Briefmarken von der Postbotin

LANGSUR. Klein, nett - und unwirtschaftlich: Zum Jahresende schließt die Postfiliale in Langsur. Von da an verkauft die Zustellerin die Briefmarken und nimmt Päckchen, Briefe und Pakete mit.

Ein gelbes Schild, ein langer Gang, eine Tür mit der Aufschrift "Schalterraum": Gemütlich geht's in der Post in Langsur zu. Ein Postschalter, ein Ständer mit Telefonbüchern, Broschüren, Formularen und eine Holzbank, falls man doch mal warten muss. Der Schalter ist das klassische Modell: mit Glasscheiben, Durchreiche und Paketannahme-Fenster.Nette Atmosphäre, aber nicht rentabel

Eine Frau kommt in den Raum, kurz nachdem die Post um 12.30 Uhr geöffnet hat. Ein Paket will sie abholen, und Briefmarken braucht sie auch.
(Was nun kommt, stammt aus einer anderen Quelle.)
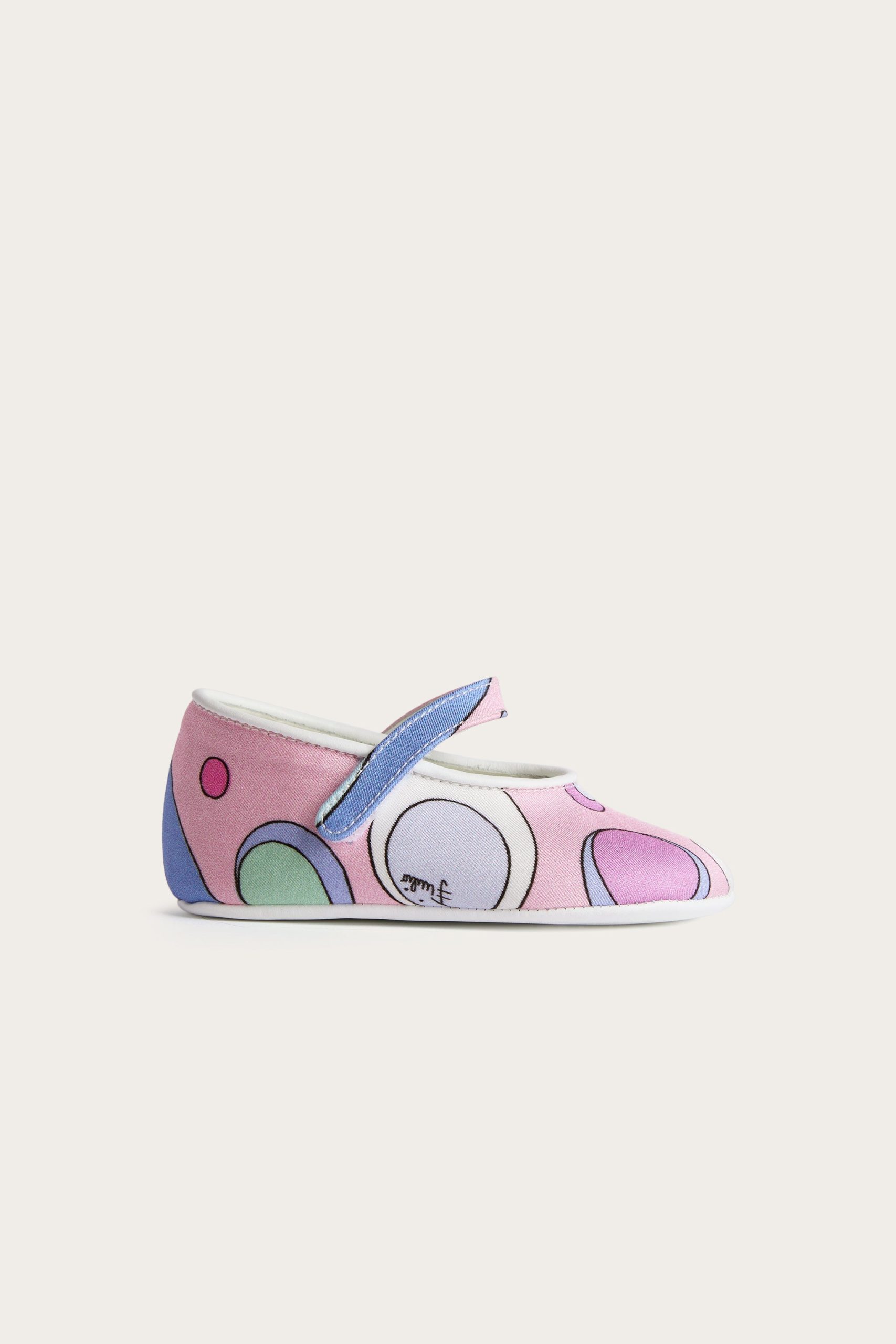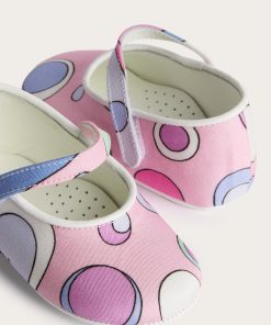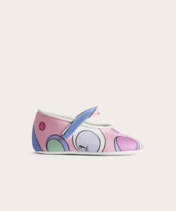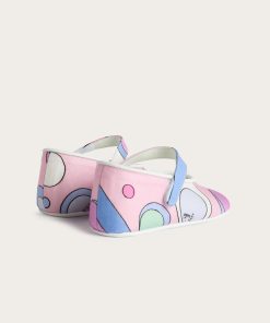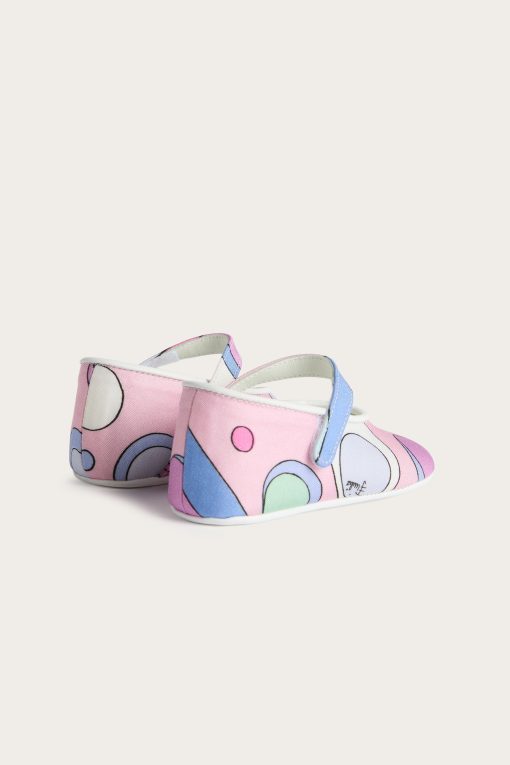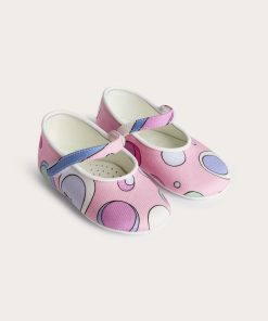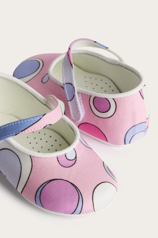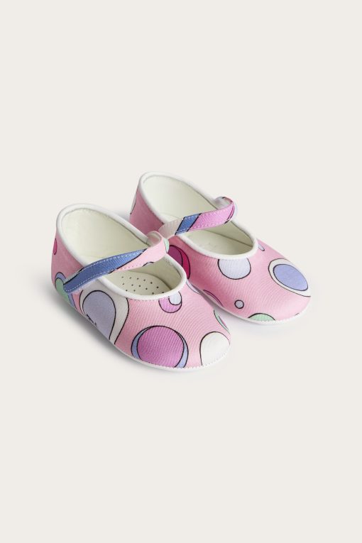 Unmistakable style from the very first steps…These ballerina model shoes are designed to give comfort and sweetness to the smallest feet, with a tender and refined design. The stretch cady fabric wraps delicately, while the Fontane print in pink and multicolor adds a lively and colorful note, typical of the Pucci world.Leather details make the model even more precious, perfect for special occasions or as an unforgettable gift.
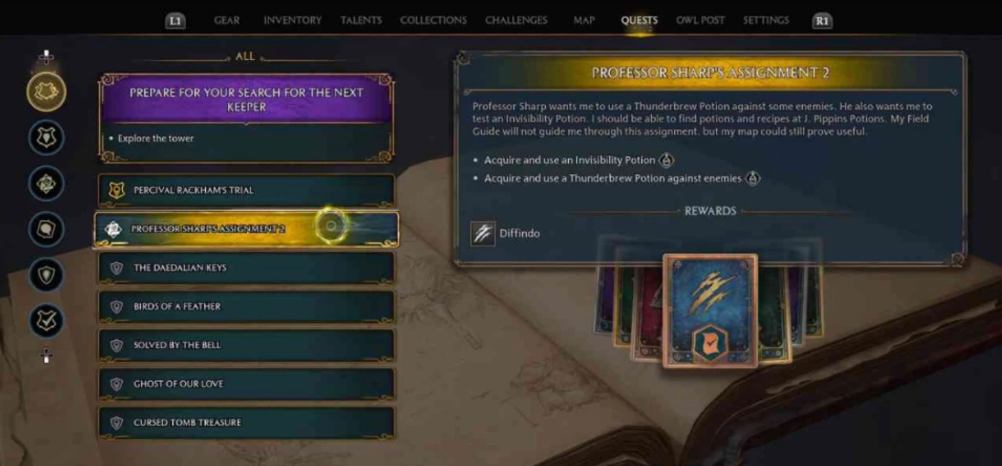 В компьютерной игре Хогвартс Легаси профессор Шарп дает два поручения, которые игрок должен выполнить. Сегодня мы расскажем вам, как выполнить второе задание от профессора. Приступать к выполнению задания можно только закончив первое испытание. Наградой за качественно выполненное поручение будет заклинание Диффиндо и 150 XP. Профессор научит вас применять Грозовой напиток, чтобы вы смогли использовать его на нескольких врагах одновременно. Вам будет поручено проверить новое зелье, которое дает владельцу возможность быть невидимым. Карта всегда будет более полезной, чем полевой справочник при выполнении этого поручения.
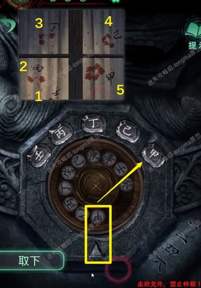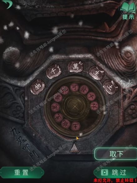 10.回到大门口,将【拨号盘外壳】安装在石狮子上,对照窗户上得到的线索,转动圆盘将对应的字依次到达下面三角位置(窗户上花瓣的数量就是顺序),获得【钥匙】,取下【拨号盘外壳】。10 10.1
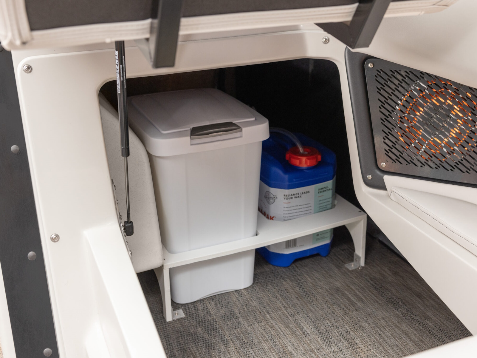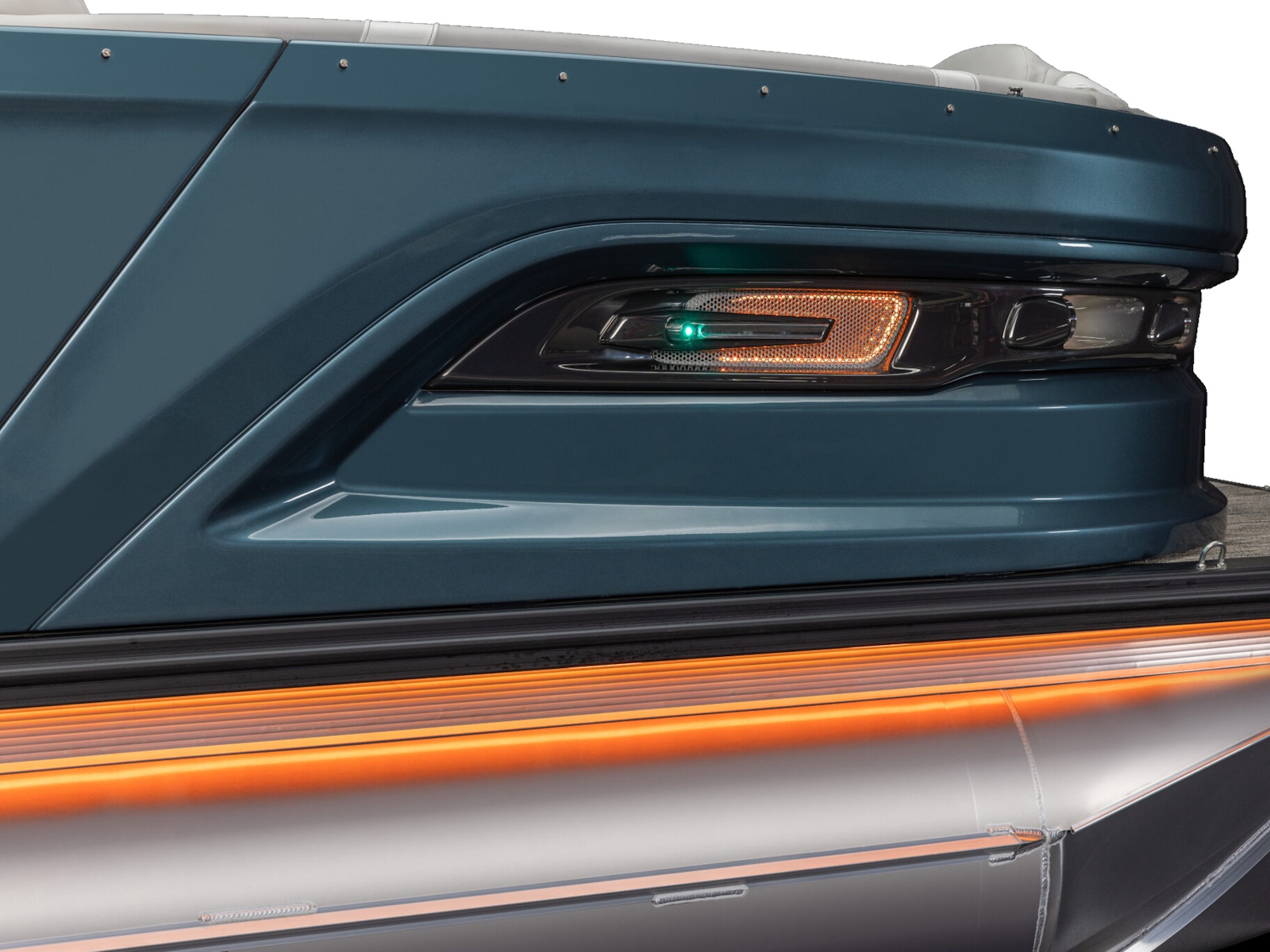 Courtesy light on helmstand | RGB lighted cup holders & mood lighting | USCG navigation lights | RGB exterior EGT docklights | RGB rubrail lights | RGB rear underwater lights

Mit einem großen braunen Karton und einem Bogen Sondermarken verlässt sie das Gebäude. Was hält sie davon, dass die Post geschlossen werden soll? Die Frau guckt erst einmal verdutzt, sie hört zum ersten Mal von den Plänen der Deutschen Post AG. Begeistert ist sie nicht gerade von der Aussicht, ihre Pakete in Zukunft andernorts abholen zu müssen. "Tja, dann werden wir demnächst wohl in die Stadt fahren müssen", sagt sie und wirkt dabei ein wenig resigniert. Eine andere Kundin, die mit dem Karton eines großen Versandhauses die Filiale verlässt, stimmt ihr zu. Sie habe den Eindruck, dass dem Post-Management die kleinen Ortschaften schlichtweg egal seien. Egal - das sieht Postsprecher Stefan Heß nicht so. "Die Auslastung der Filiale war viel zu schwach", sagt er. "Wir haben zuerst über Postservice in einem Geschäft nachgedacht. Als wir dann die Daten gesehen haben, haben wir gesagt: Das lohnt sich nicht." Am 27. Dezember startet in Langsur der mobile Postservice. Von da an verkauft die Zustellerin Briefmarken und nimmt Pakete, Päckchen und Briefe mit - eine Aufgabe, die sie sowieso schon in den kleineren Orten in der Umgebung wahrnimmt, wo die Postämter längst dicht gemacht haben. Wer Briefmarken braucht, hängt einen Zettel an seinen Briefkasten - der "informelle Weg", wie Postsprecher Heß sagt - oder bestellt den mobilen Service mit einer speziellen Anforderungskarte. Pakete und Päckchen müssen die Langsurer ab Januar in Igel abholen.Postkunden müssen Pakete in Igel abholen

Mit Bedauern sieht Langsurs Ortsbürgermeister Karl-Heinrich Orth die Schließung der Post. "Ich bin natürlich dagegen", sagt er. "Ein Serviceangebot geht verloren." Gleichzeitig sei ihm klar, dass gegen die Schließung nichts zu machen sei. "Man muss sich knurrend mit der Sache abfinden", sagt Orth. "Die lassen ihre nackten Zahlen sprechen." Die Schuld an der Entwicklung sieht er beim Gesetzgeber und beim Management der Post AG: "Ich kann den armen Kerl von der Post nicht umbringen. Die Post vollzieht nur, was im Gesetz drin steht." Dass den Kunden in Langsur durch die Schließung der Postfiliale Nachteile entstehen, sieht auch Heß. "Die Privatisierung ist politisch gewollt. Da gibt es Gewinner und Verlierer", sagt er. Und fügt nach kurzem Zögern hinzu: "Der ländliche Raum ist vielfach Verlierer."